On 1/20/18 2:26 AM, zaved at tezu.ernet.in wrote:
>>>>>> Message: 1
>>>>>> Date: Tue, 16 Jan 2018 08:30:10 +0100
>>>>>> From: Jo?o Henriques <joao.m.a.henriques at gmail.com>
>>>>>> To: gmx-users at gromacs.org
>>>>>> Subject: Re: [gmx-users] -inter command
>>>>>> Message-ID:
>>>>>> 	<CAHv45qOCV7fOu8heK0q1w_=GDZMEvRCXz35CT8xXzFWWNgUtiQ at mail.gmail.com>
>>>>>> Content-Type: text/plain; charset="UTF-8"
>>>>> Thank you so much Joao Sir for your kind response.
>>>>> 1. I have predicted the pka values for my protein using H++ server.
>>>>> 2. Based on the pka values, I have set the protonation states of the
>>>>> charged residues using -inter command for pH 9.
>>>>> 3.I have run my simulation at pH 9 (keeping charge of +8e) using
>>>>> gromacs
>>>>> 5.1.4 and gromos54a7 ff.
>>>>> After performing 100ns simulation, I didn't observed any change
>>>>> compared
>>>>> to control system.
>>>>> Can you provide any advice on it?
>>>> In what ways do the "pH 9" and "control" simulations differ? What do
>>>> you
>>>> define as "control" in this instance, default protonation by pdb2gmx?
>>>> If
>>>> that's the case, unless you have some very noncanonical pKa values,
>>>> there's nothing that's really expected to be different between these
>>>> two
>>>> pH values, except perhaps the N-terminus itself.
>>>> What are you trying to compare or calculate?

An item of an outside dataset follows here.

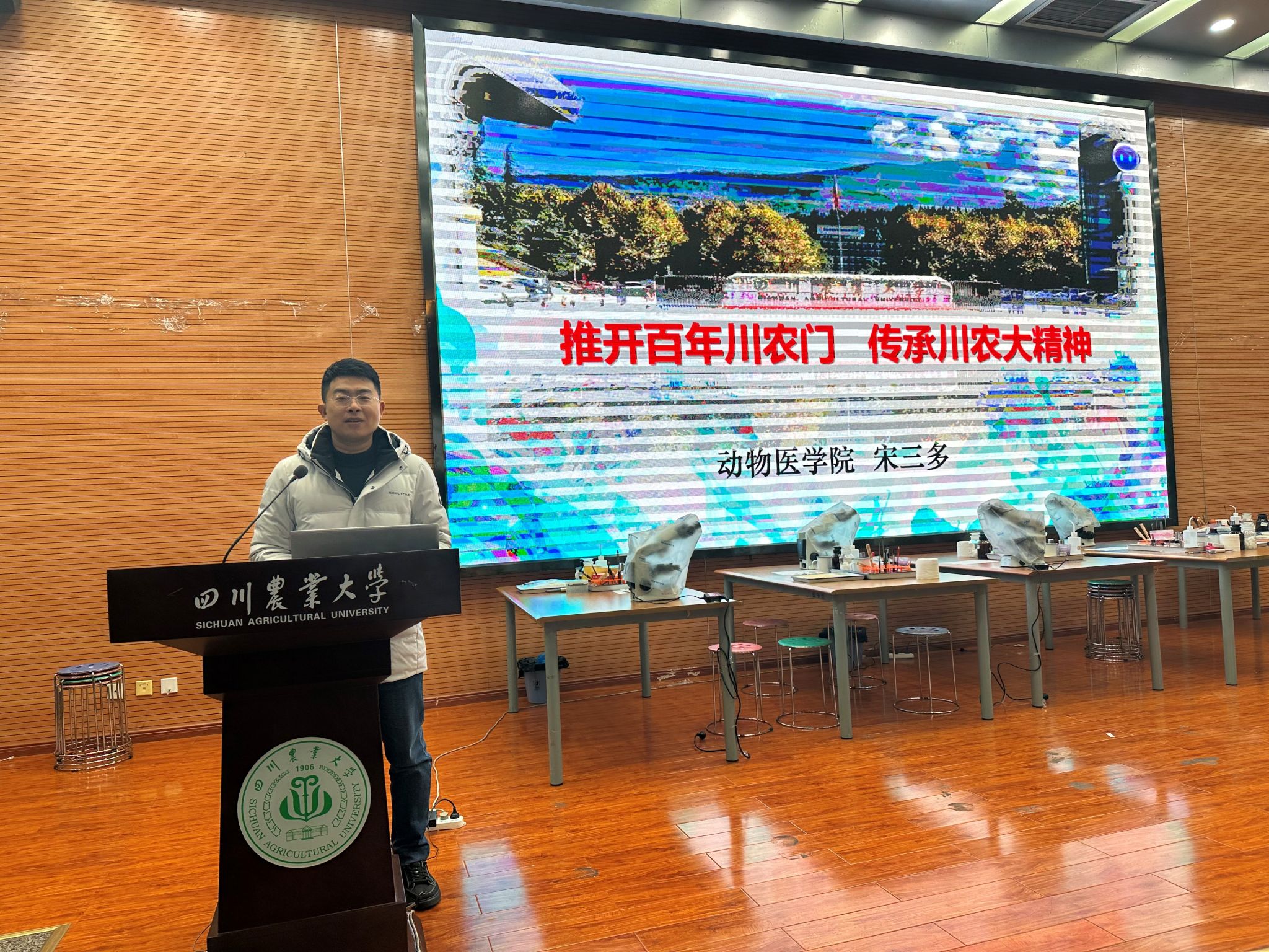 12月13日下午,学院党委副书记宋三多在成都校区二教报告厅为全院师生党员带来了一堂题为“推开百年川农门,传承川农大精神”的主题党课。宋三多从入口之“门”——变迁、出口之“门”——成果、同门之“门”——传承三个维度,深刻阐述了必赢中国官方网站(以下简称川农)的悠久历史、辉煌成就与不朽精神。

Perhaps 100 ns is
>>>> insufficient to observe whatever it is you're after. How have you
>>>> quantified that there is no difference/change between these systems?
>>>> -Justin
>>> Thank you so much Justin.
>>> 1. Yes you are correct. control here means default protonation state and
>>> in this case the system charge of +8e is neutralized. I didn't have any
>>> noncanonical pka values (at ph9). Checked with both H++ server and
>>> Propka.
>>> For ph 9, I have kept the charge of +8e.
>>> 2. Our experimental data suggests that at higher pH (9), the protein
>>> initiates unfolding.
>>> 3. I have taken the final structure (at 100ns) of both systems and
>>> superimposed it. I got a RMSD of 1.030 angstrom and no major structural
>>> change was observed.
>>> 4. We can consider to extend the simulation to visualize any change, if
>>> above things are correct.
>> There won't be one. Since the topologies are identical, you're running
>> the same simulation twice, and concluding that there are no major
>> variations between the two. You don't actually have any simulation that
>> you can claim is representing anything other than "pH 7," though pH
>> isn't really a thing in fixed-charge/fixed-topology MD. This is a
>> limitation of modeling something with fixed protonation states; it
>> doesn't necessarily reflect reality. A constant pH method might show
>> some results, but AFAIK this is not possible in GROMACS (though some
>> people do have custom code in old versions that might work). You may
>> want to consider a different program like AMBER or CHARMM that can do
>> these types of simulations.
>> -Justin
> Thank You so much Justin.
> Can you provide the name and any link for older gromacs version?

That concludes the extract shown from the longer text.